Canada takes home last place for timely access to specialists – in international comparisons, it ranked worst of 11 countries (Osborn et al. 2016). In fact, 56% of Canadians reported waiting more than a month to see a specialist, compared to the 36% international average (Osborn et al. 2016). Among the strategies to address waits are remote consults – programs such as Champlain BASE™ eConsult Service (BASE™; https://www.champlainbaseeconsult.com) and Rapid Access to Consultative Expertise (RACE™; https://www.raceconnect.ca/) consult (Champlain BASE eConsult 2017; RACE 2017). These programs enable primary healthcare providers to connect directly with specialty services, facilitating specialist-informed patient care in the primary care setting (Keely et al. 2013; Kramer 2013). Spreading the implementation of remote consult is the aim of a new pan-Canadian quality improvement collaborative, Connected Medicine: Enhancing Primary Care Access to Specialist Consult, delivered by the Canadian Foundation for Healthcare Improvement (CFHI) in partnership with Canada Health Infoway, the College of Family Physicians of Canada and the Royal College of Physicians and Surgeons of Canada (CFHI 2017).
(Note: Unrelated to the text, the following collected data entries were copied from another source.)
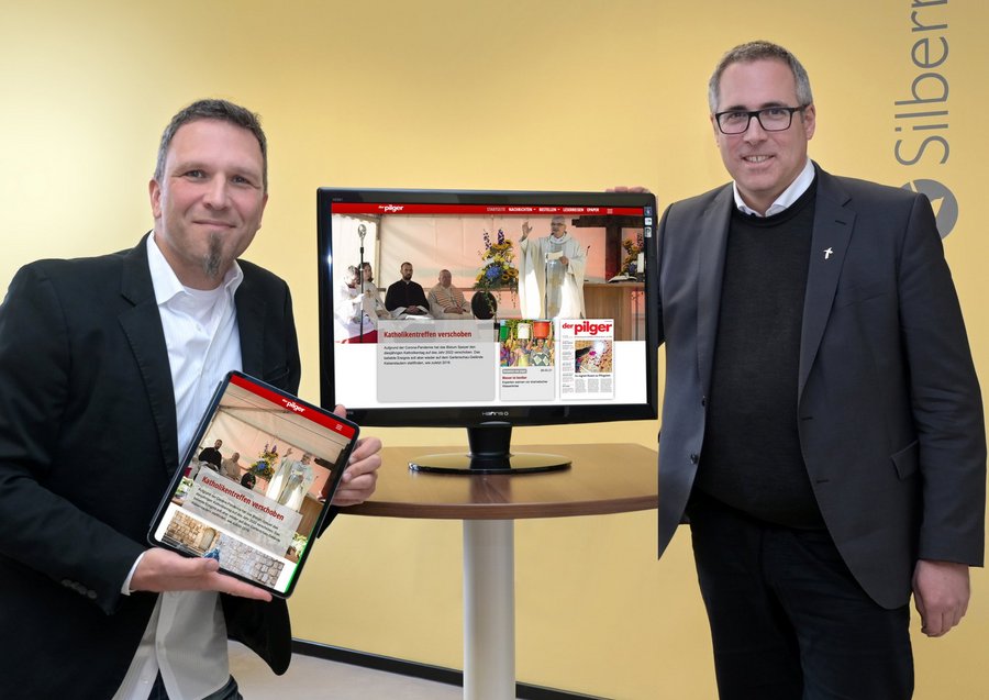 Gemeinsam mit Generalvikar Andreas Sturm (rechts im Bild), der auch der Herausgeber der Kirchenzeitung und des Magazins „der pilger“ ist, präsentierte Peregrinus-Geschäftsführer Marco Fraleoni die neue Plattform.
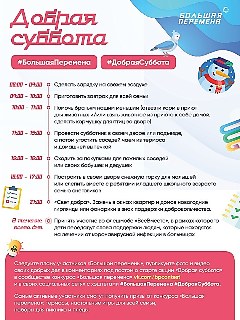 22.01.202122 января 2021 года в сообществе Всероссийского конкурса для школьников «Большая перемена» социальной сети ВКонтакте (https://vk.com/bpcontest) стартует Всероссийская акция «Добрая суббота». Инициаторами акции выступили участники «Большой перемены», они предложили всем школьникам и их родителям начать новый год с добрых дел и полезных привычек.
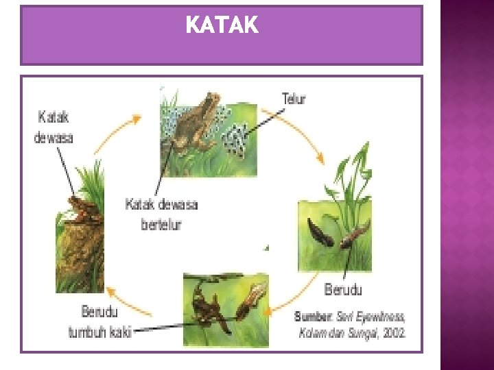 Katak merupakan hewan yang mengalami metamor fosis. Mengapa katak mengalami meta mor-fosis? Katak memiliki tahap pertumbuhan pada katak muda yang berbeda dengan katak dewasa. Menjelang dewasa, berudu mulai tumbuh kaki dan masih berekor, serta masih hidup di air. Setelah dewasa, kaki katak tumbuh sempurna dan ekor pun menyusut hingga tidak memiliki ekor lagi. Pada tahap katak dewasa, katak lebih sering berada di darat dan kembali lagi ke air untuk bertelur
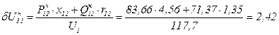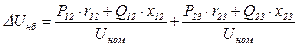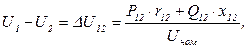 где Р12- активная мощность в линии; Q12- реактивная мощность в линии; r12 – активное сопротивление линии; x12- индуктивное сопротивление линии.
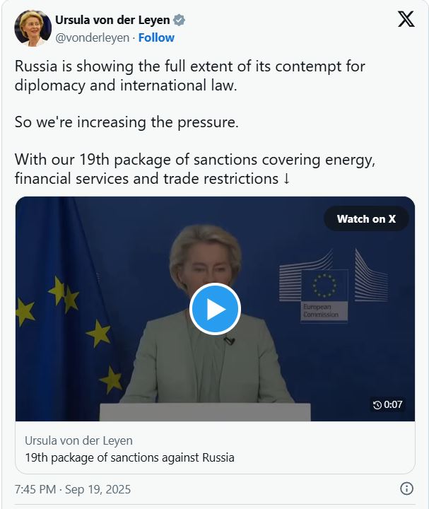 欧盟委员会主席乌尔苏拉·冯德莱恩提出了针对俄罗斯的第19轮制裁措施,敦促欧盟成员国对俄罗斯液化天然气(LNG)出口采取新的制裁措施,以迫使莫斯科结束其在乌克兰的“残酷”战争。
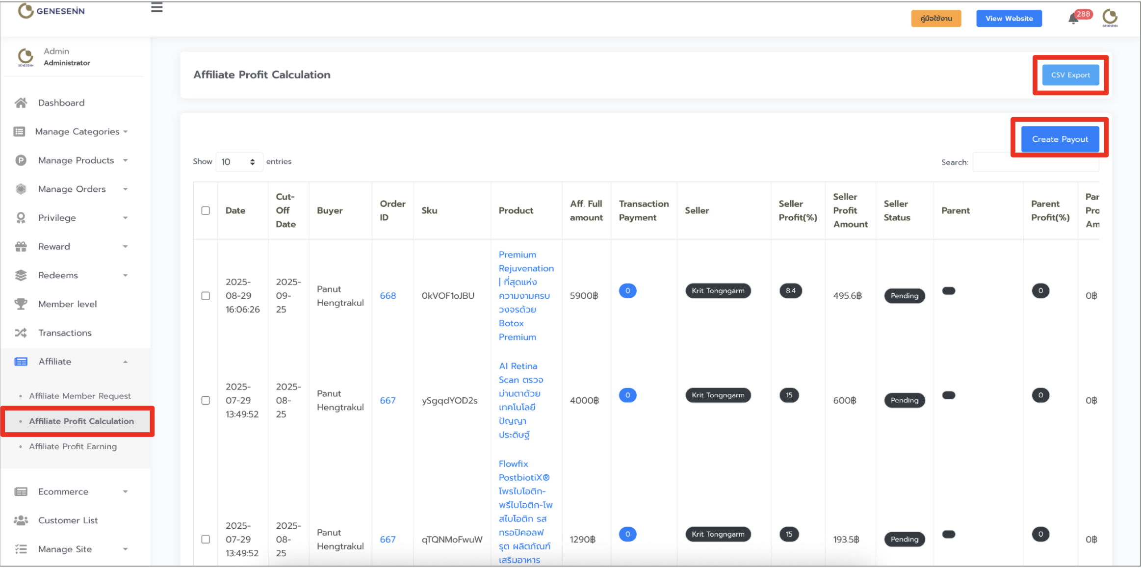 สามารถดู Affiliate Profit Calculation ได้โดย
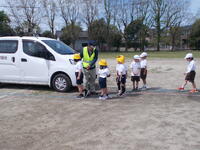 1・2年生が道路の安全な歩き方で、横断歩道や道路の歩き方を学びました。
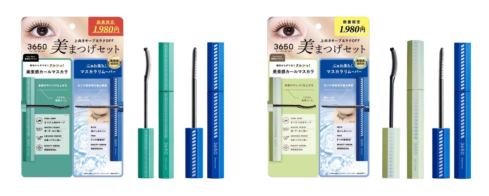 この度発売する〈3650 美まつげセット〉は、“オンしてくるん” 束感カールをキープする人気商品「3650 マスカラ WPコーム」と、”オフしてもピンッ!” 美容液成分配合で、こすらず、じゅわっとオフしながらまつげのハリ・コシケアを叶える「3650 マスカラリムーバー」がセットになった商品です。メイクしている時も、すっぴんの自まつげも、どちらも健やかで美しい“美まつげ”へと導く本商品を、ぜひお試しください。

Among the commonly cited barriers to initiating and spreading remote consult solutions are physician remuneration, privacy concerns and cross-jurisdictional regulation issues, all of which have been explored at length (Liddy et al. 2015, 2016). Physician remuneration is repeatedly raised as a significant barrier to implementing remote consult in some regions in Canada. This article provides an overview of the physician remuneration arrangements across the country for delivering remote consult. Understanding these arrangements, and developing strategies to address the challenges, may further support a move to scale remote consult across Canada. The information shared herein may also provide guidance to jurisdictions to inform future direction in establishing their own remuneration arrangements for delivering remote consult.
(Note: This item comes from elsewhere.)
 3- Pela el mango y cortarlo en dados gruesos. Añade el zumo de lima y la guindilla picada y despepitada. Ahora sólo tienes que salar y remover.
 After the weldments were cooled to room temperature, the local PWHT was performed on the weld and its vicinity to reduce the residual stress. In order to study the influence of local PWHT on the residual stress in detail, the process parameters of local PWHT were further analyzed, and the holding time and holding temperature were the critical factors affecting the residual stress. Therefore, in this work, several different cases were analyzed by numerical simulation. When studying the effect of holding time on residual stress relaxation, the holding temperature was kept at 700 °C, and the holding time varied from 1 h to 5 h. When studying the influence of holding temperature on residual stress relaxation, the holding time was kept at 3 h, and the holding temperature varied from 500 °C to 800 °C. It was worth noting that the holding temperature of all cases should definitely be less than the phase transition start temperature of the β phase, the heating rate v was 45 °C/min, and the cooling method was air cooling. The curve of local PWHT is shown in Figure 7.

Methods, Limitations and Results
A consultation is when a healthcare provider (the referring provider) requests the opinion of a physician competent to provide advice in this field (the consultant). This request is made after the referring provider has carried out an appropriate examination of the patient, and with consideration of the complexity, obscurity, urgency or severity of the case. For both in-person and remote consults, the consultant is obliged to perform an assessment, review the pertinent patient medical information and submit findings and recommendations to the referring provider. The main difference between the two scenarios – in-person versus remote – relates to the assessment: in a remote consult, the consultant does not physically see the patient and, therefore, must ensure that the information received from the referring healthcare provider is adequate to render an opinion.
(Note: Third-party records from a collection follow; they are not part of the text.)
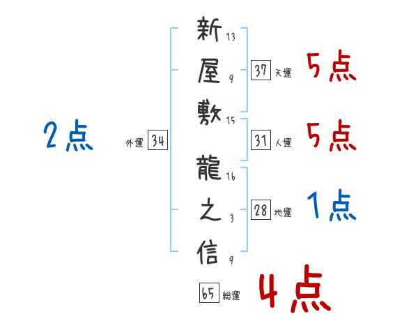 総運![]() | 新屋敷龍之信さんの総運は65画の4つ星!幸運に恵まれ繁栄する。包容力がある。 あなたの人生を表す1番重要な運勢です。生涯を通じて影響する総合運となり、主に50歳以降の晩年期に影響を及ぼします。 |
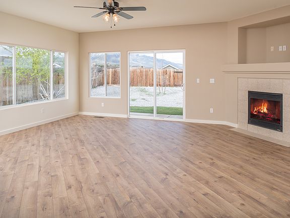 Enjoy the sunsets over Peavine Mountain from your backyard! This 4 bed 2.5 bath home in Golden Valley features a beautiful kitchen with ample cabinet space, granite countertops, stainless steel appliances, pantry, and breakfast bar. Dining area is adjacent to kitchen. Great room has a gas log fireplace and sliding glass door to the backyard. Spacious master bedroom with another slider leading to backyard. Master bath includes dual sinks, garden tub, glass shower and an impressive walk in closet. hree more bedrooms each with plenty of closet space. Solar has smart meter with solar buy back, generator hook up with 4 breakers. Storage shed will stay with the home. Call today for a showing!
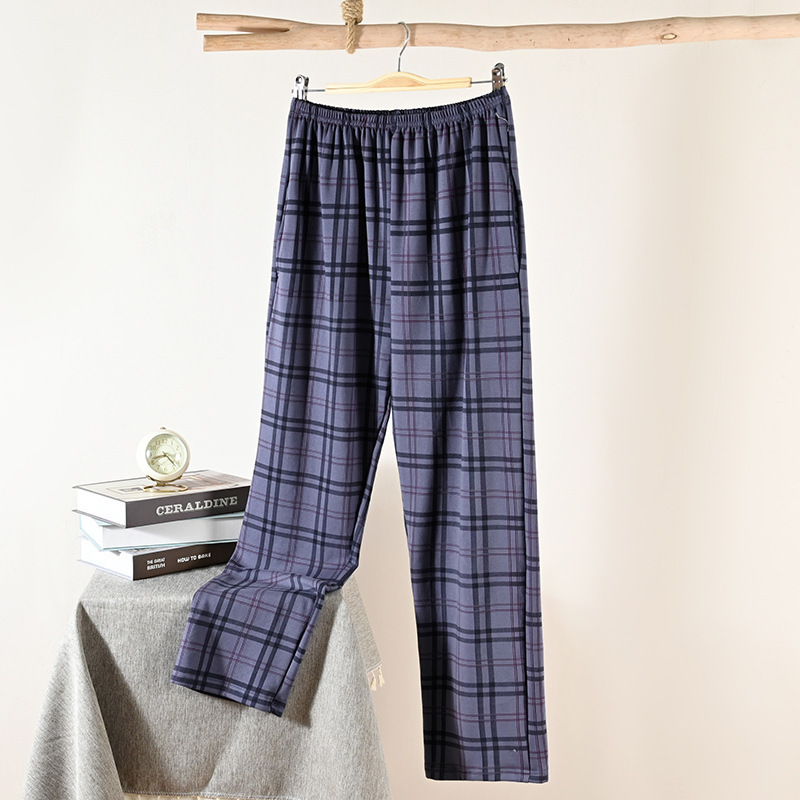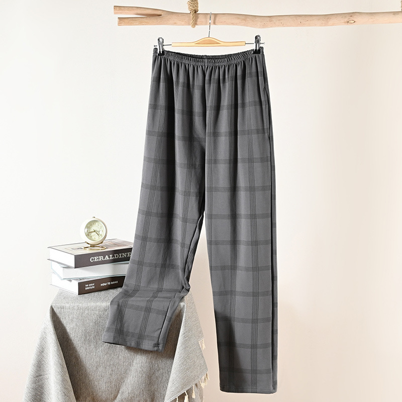 새로운 니트 코튼 남자의 가을 파자마 바지 면 남자 바지 싱글 바지 느슨한 플러스 사이즈 홈 바지 에어컨 바지스토어 가기
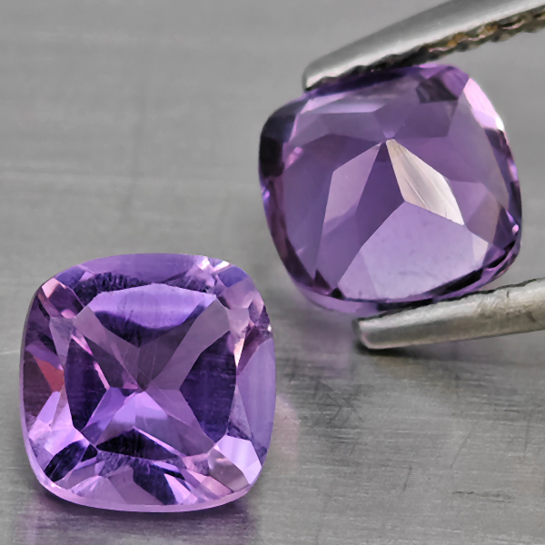 Natural Purple Amethyst 1.75 Ct. 2 Pcs Cushion Shape 6.2 Mm Gemstone From Brazil
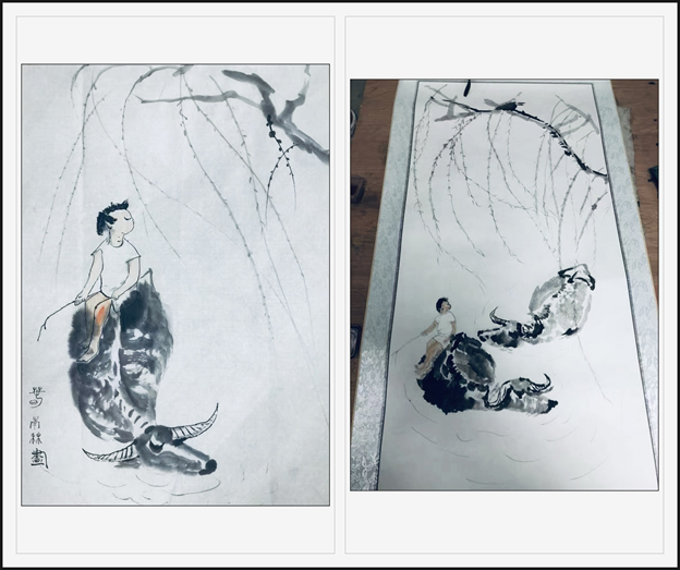 这是我临摹的李可染牧童画,我画了水波纹,但彪哥说没画好。
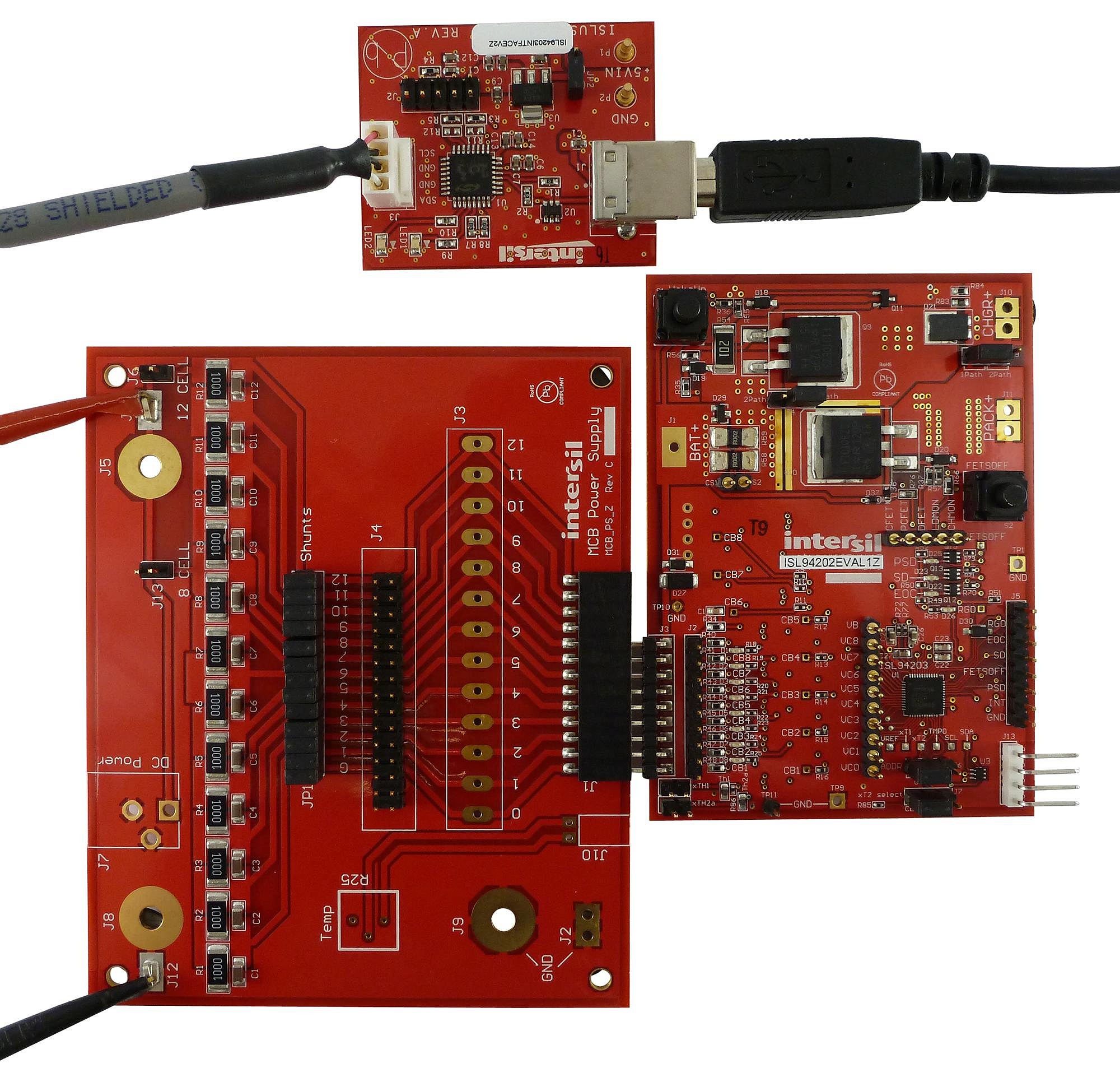 Содержимое комплектаEval Kit ISL94202, тестовая плата многоячеечного источника питания MCB-PS-Z, комплект интерфейса USB-I2C, USB-кабель

The data presented (Table 1) were compiled in June 2016 from provincial medical associations (key informants), provincial and territorial physician fee schedules (online) and the Champlain BASE™ eConsult Service. For comparison purposes, we present remote versus in-person consult fees. The fees pertain to fee-for-service encounters. All consultants can bill for in-person consultations, but the mechanism for the referring and the consultant physicians to bill for remote consults varies across jurisdictions. Where remote consults are billable, certain jurisdictions permit consultants to bill for that service only when the services are initiated by select healthcare providers, in addition to physicians (refer to provincial and territorial fee schedules for further information). Because fees for in-person consults can vary by specialty, each range presented denotes the lowest and highest basic consult fee for the respective jurisdiction.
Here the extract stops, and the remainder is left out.